→ **Task brief**
Exact duplicates of the lines from the top of the data through the line containing "Um das verrutschen" are needed, with every picture left out.

→ **Extracted information**

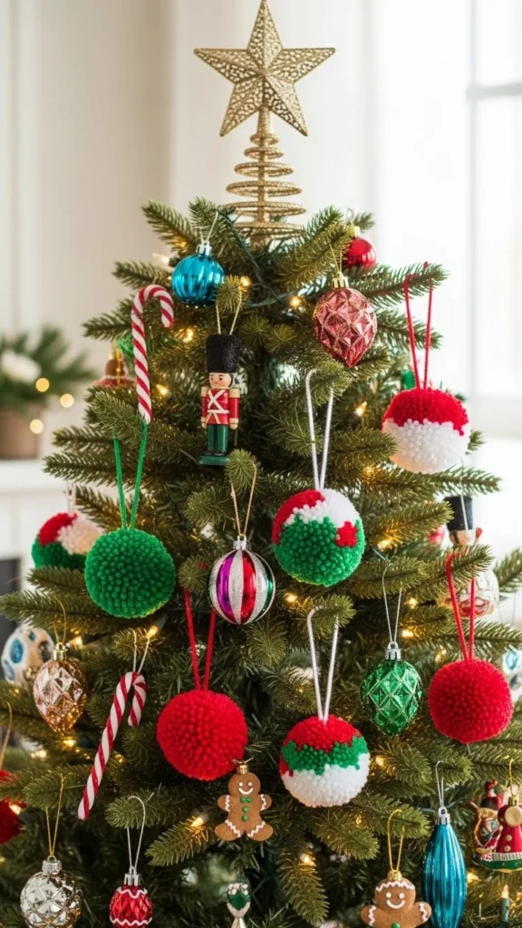 Pom-poms add playful charm. Make them using yarn wrapped around cardboard or use a pom-pom maker. Add a loop and you’re done. These ornaments work great for kids’ trees, playrooms, or cheerful holiday themes. You can also create matching garlands. The soft texture feels fun and cozy.
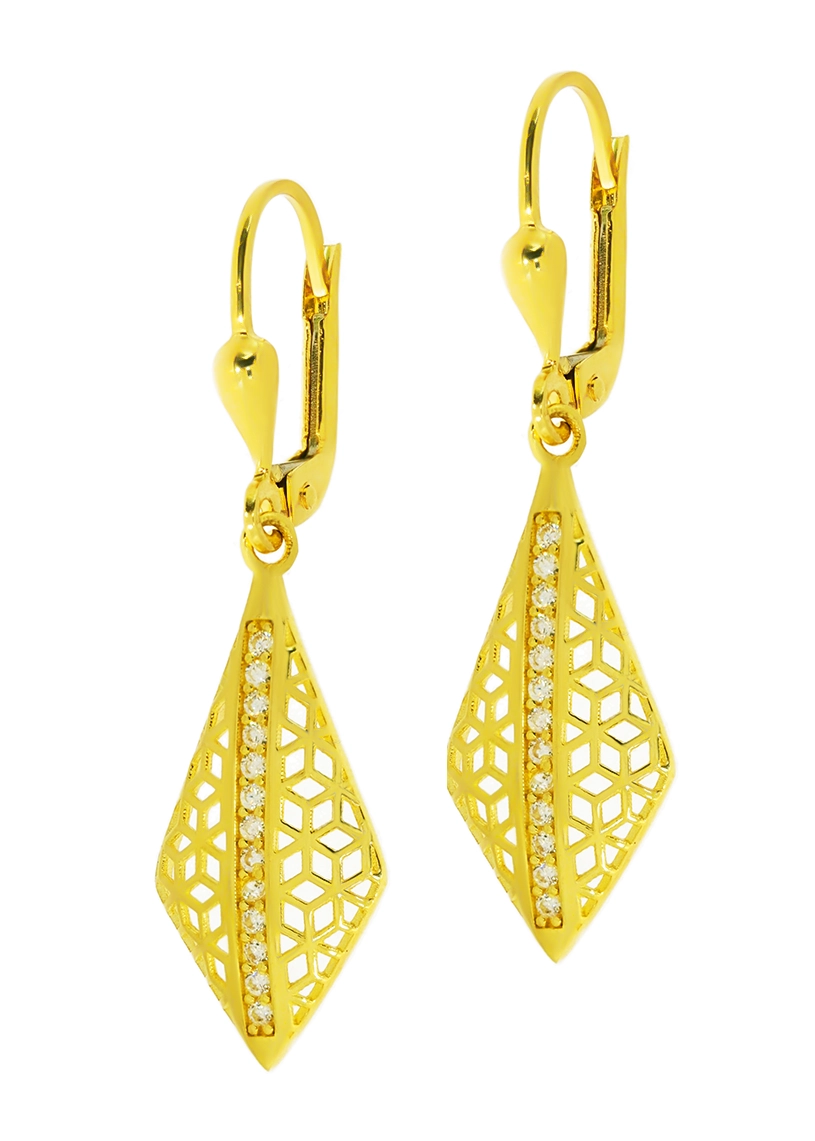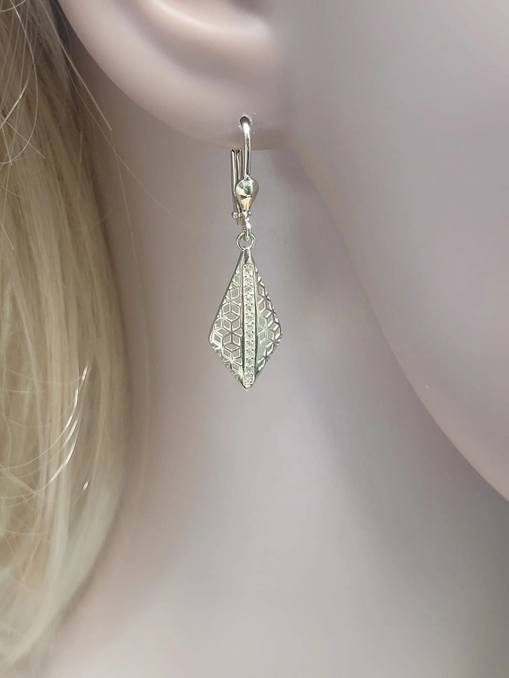 Auskarų dizainas išsiskiria savo modernia, rombo formos ažūrine struktūra, kuri suteikia jiems lengvumo ir subtilumo. Centrinėje dalyje, tarsi brangakmenių takelis, išdėlioti spindintys balti cirkoniai, kurie kiekvienam judesiui suteikia akinančio žavesio. Jų bendras ilgis siekia 3,70 cm, o plotis – 1,0 cm, todėl jie puikiai tiks tiek kasdieniam įvaizdžiui, tiek ypatingoms progoms, suteikdami Jums pasitikėjimo ir pilno spindesio. Tai puiki dovana moteriai, vertinančiai rafinuotumą ir unikalumą.
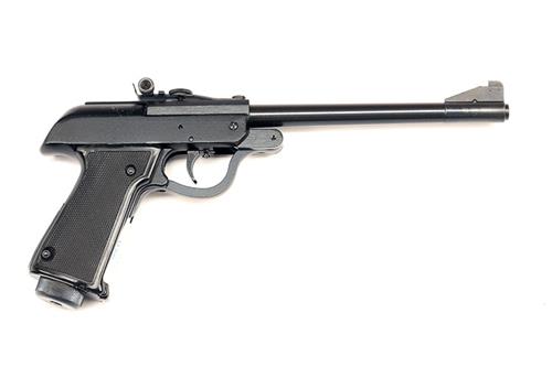 A BOXED .177 BREAK-BARREL AIR-PISTOL SIGNED PREDOM LUCZNIK, MODEL KL170, serial no. 03612, for 1977, with 9in. barrel, adjustable sights, blacked receiver and black plastic chequered grips, complete with its maker's pasteboard carton (worn) the pistol appearing little used
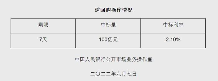 央行6月7日開展100億元逆回購(gòu)操作 中標(biāo)利率2.10%
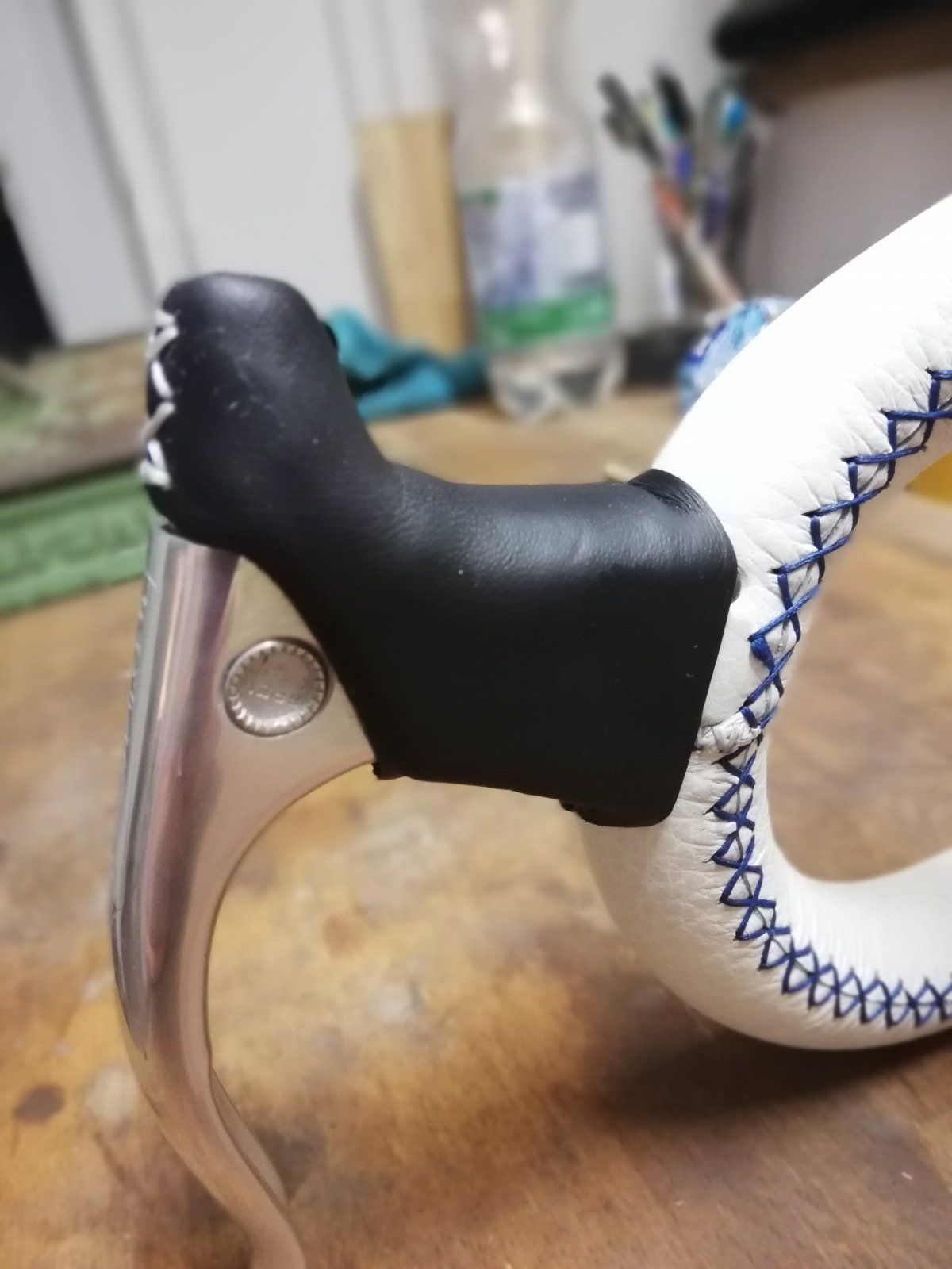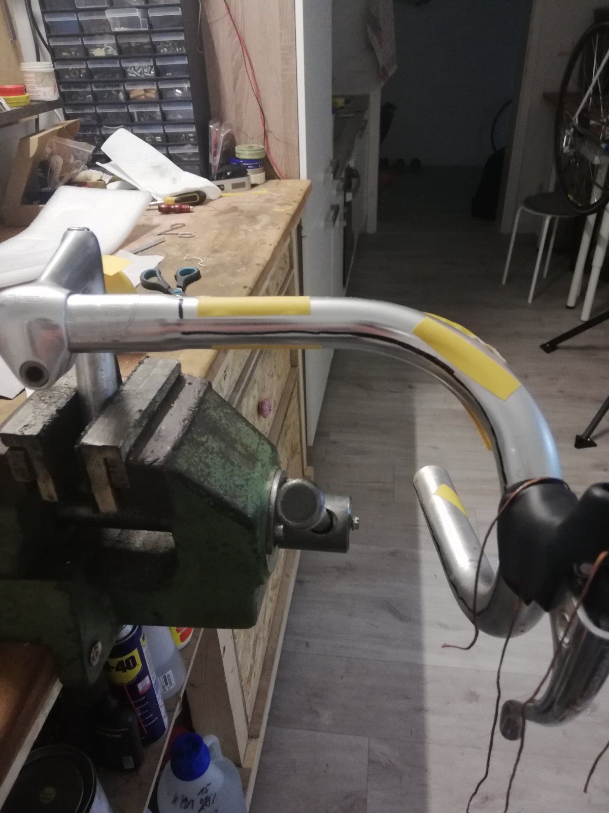 Um das verrutschen zu verhindern habe ich mehrere Streifen doppelseitiges Klebeband auf den Lenker geklebt.
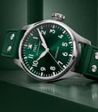 Introducing the unworn IWC Big Pilot’s Watch 43mm, Ref# IW329306 — a contemporary evolution of an icon, tailored for bold character and modern wearability. Housed in a brushed and polished stainless steel case with a streamlined 13.6mm thickness, this model retains the commanding presence of the classic Big Pilot while offering a more ergonomic 43mm case diameter. Its signature conical crown, balanced proportions, and clean silhouette reflect IWC’s aviation roots with refined sophistication. The watch’s racing green dial exudes refined minimalism, stripped of complications to emphasize pure clarity and legibility. Its clean, instrument-style aesthetic—true to the Big Pilot legacy—features a three-hand layout with rhodium-plated hands and bold Arabic numerals, all coated with luminescence for flawless visibility even in dim conditions. Around the dial’s perimeter, a precisely printed minute/second scale adds technical sharpness, while large luminous markers at five-minute intervals ensure instant readability at a glance. This fusion of form and function captures the spirit of aviation-inspired design, delivering a timepiece that is as strikingly functional as it is stylistically timeless. At its heart, the IWC-manufactured Calibre 82100 beats with precision and durability. Viewable through the sapphire case back, this robust movement features a Pellaton winding system reinforced with ceramic components and 22 jewels, offering an impressive 60-hour power reserve and built for near wear-free performance. The watch is equipped with a sporty strap made of green Calfskin Leather, decorated with four rivets, fastened with a stainless steel Deployant Buckle, which provides increased comfort and individuality. Thanks to the innovative EasX-CHANGE® system, swapping straps is quick and effortless—no tools needed. Combined with 10 bar/330ft (100 meters) water resistance, the Big Pilot 43 is not only a timeless aviation watch but also a versatile companion for modern adventures.
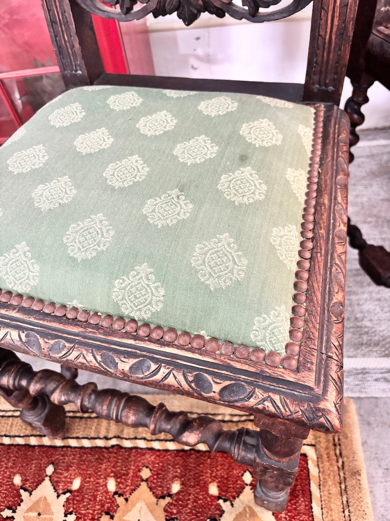 A pair of antique French Renaissance-style chairs, with ornate oak carvings of lions on the top rail, distinctive barley twist columns and elegant green upholstery on the seats and back.
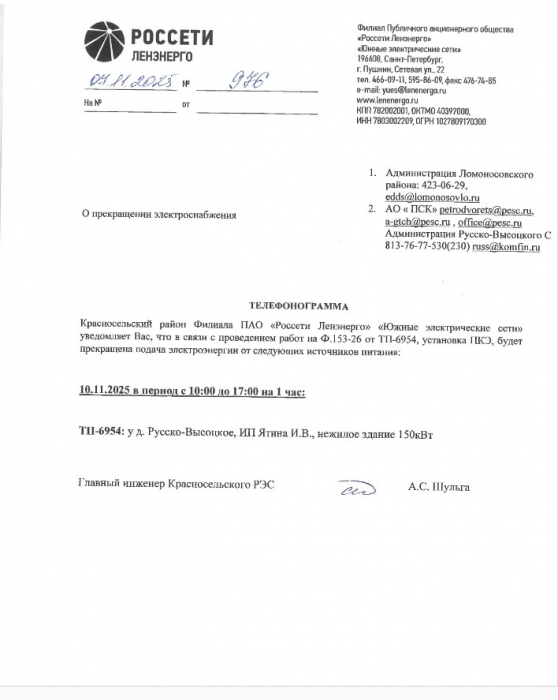 ОТКЛЮЧЕНИЕ ЭЛЕКТРОСНАБЖЕНИЯ 10.11.2025

→ **Answer to this exercise**
 Pom-poms add playful charm. Make them using yarn wrapped around cardboard or use a pom-pom maker. Add a loop and you’re done. These ornaments work great for kids’ trees, playrooms, or cheerful holiday themes. You can also create matching garlands. The soft texture feels fun and cozy.
 Auskarų dizainas išsiskiria savo modernia, rombo formos ažūrine struktūra, kuri suteikia jiems lengvumo ir subtilumo. Centrinėje dalyje, tarsi brangakmenių takelis, išdėlioti spindintys balti cirkoniai, kurie kiekvienam judesiui suteikia akinančio žavesio. Jų bendras ilgis siekia 3,70 cm, o plotis – 1,0 cm, todėl jie puikiai tiks tiek kasdieniam įvaizdžiui, tiek ypatingoms progoms, suteikdami Jums pasitikėjimo ir pilno spindesio. Tai puiki dovana moteriai, vertinančiai rafinuotumą ir unikalumą.
 A BOXED .177 BREAK-BARREL AIR-PISTOL SIGNED PREDOM LUCZNIK, MODEL KL170, serial no. 03612, for 1977, with 9in. barrel, adjustable sights, blacked receiver and black plastic chequered grips, complete with its maker's pasteboard carton (worn) the pistol appearing little used
 央行6月7日開展100億元逆回購(gòu)操作 中標(biāo)利率2.10%
 Um das verrutschen zu verhindern habe ich mehrere Streifen doppelseitiges Klebeband auf den Lenker geklebt.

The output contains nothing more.